A fourth module for judging the data item e_iFrequency of (f)_iWhether the size is larger than or equal to a high-frequency key threshold epsilon or not is judged, if yes, the fifth module is started, and if not, the sixth module is started;

a fifth module for judging whether the existing key number in the high-frequency key set S is equal to the maximum key number C of the high-frequency key set, if so, the data item e is_iReplace the key with the smallest value in the set S of high frequency keys and set the value of the key as f_i+f_minWherein f is_minIs the minimum value of the keys in the high-frequency key set S, and then the tenth module is switched to; otherwise, the data item e is put_iAnd frequency f_iInserting the key value as a new key value into the high-frequency key set S, and then switching to a tenth module;

a sixth module for judging the data item e_iFrequency of (f)_iWhether the size is larger than or equal to the low-frequency key threshold value theta is judged, if yes, the ninth module is switched to, and if not, the seventh module is switched to;

a seventh module, configured to determine whether the low frequency key queue Q is full, and if so, delete the data item e of the head node in the low frequency key queue Q first_hThen the data item e_iInserting the data item into the low frequency key queue Q, then entering an eighth module, otherwise, directly inserting the data item e_iInsert into low frequency key queue Q, then goEntering a ninth module;

an eighth module for determining a data item e of a head node in the low frequency key queue Q_hProbability of attenuation of

If the number is more than the random number r, using a digital bloom filter to carry out comparison on the data item e of the head node in the low-frequency key queue Q_hUpdating to obtain the data item e_hThe updated frequency number is then entered into a ninth module, wherein b is a preset exponential base number, b>1 and b ≈ 1, f_hFor data item e of head node in low frequency key queue Q_hR is a random number generated by the random number generator in the range of [0, 1); otherwise, entering a ninth module;

a ninth module for grouping data items e using a key-value grouping algorithm_iAllocating downstream instances and adding 1 to the total number M of processed data items in the data stream;

a tenth module for merging the data item e with the set of high frequency keys S_iDetermining the number of downstream instances to which the key can be allocated according to the value size corresponding to the same key, selecting one downstream instance from the downstream instances according to the determined number of downstream instances, and allocating the selected downstream instance to the data item e_iAnd adds 1 to the total number of processed data items M in the data stream.
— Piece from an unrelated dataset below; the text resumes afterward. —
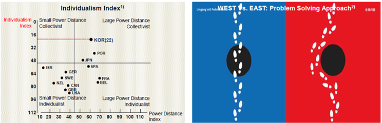 더욱이 우리나라의 집단 문화는 여전히 리더십의 권위에 강하게 의존하고, 또 집단적이며, ‘문제’를 직접 대면하는 것을 꺼리는 경향을 가지기에.(아래 그림 참조) 조직 차원에서 ‘메타인지’를 발휘한다는 것은 구조적으로 어려운 일이 되고 말았습니다.

In general, compared with the prior art, the above technical solution contemplated by the present invention can achieve the following beneficial effects:

(1) in the step (2), the high-frequency key set is stored by adopting a lightweight data structure, so that the space efficiency is high, the collection is conveniently loaded into a memory by a downstream instance, and meanwhile, the high-frequency key set supports quick O (1) online query and update, and the purpose of quickly selecting keys distributed to the downstream instance is realized;

(2) in the step (3), each data item in the data stream is monitored by using a counting type bloom filter, and the counting type bloom filter has high calculation and memory efficiency and simultaneously supports the insertion and deletion of the data item;

(3) in the step (6), the low-frequency keys are cached by using the low-frequency key queue with limited length, and the low-frequency keys stored in the counting type bloom filter are removed according to the first-in first-out characteristic of the queue with a certain attenuation probability, so that the relatively small low-frequency keys can be filtered out by the attenuation probability, the memory occupation of the counting type bloom filter is saved, and the probability of hash operation result conflict among different data items is also reduced;

(4) in the step (7), the keys in the high-frequency key set are distinguished according to the value sizes, the keys with the slightly different key values are distributed to 2 downstream instances, the keys with the greatly different key values are distributed to different downstream instances according to the value sizes, the distributed downstream instance number can be dynamically updated according to the change of the data stream, so that the load balance among all the downstream instances is realized, and the unnecessary memory overhead is reduced by distributing fewer downstream instances for the keys with the relatively small key values.

Drawings

FIG. 1 is a schematic view of the process of the present invention;

fig. 2 is a flow chart of the method of the present invention.

Detailed Description

In order to make the objects, technical solutions and advantages of the present invention more apparent, the present invention is further described in detail with reference to the following embodiments. It should be understood that the specific embodiments described herein are merely illustrative of the invention and are not intended to limit the invention. In addition, the technical features involved in the embodiments of the present invention described below may be combined with each other as long as they do not conflict with each other.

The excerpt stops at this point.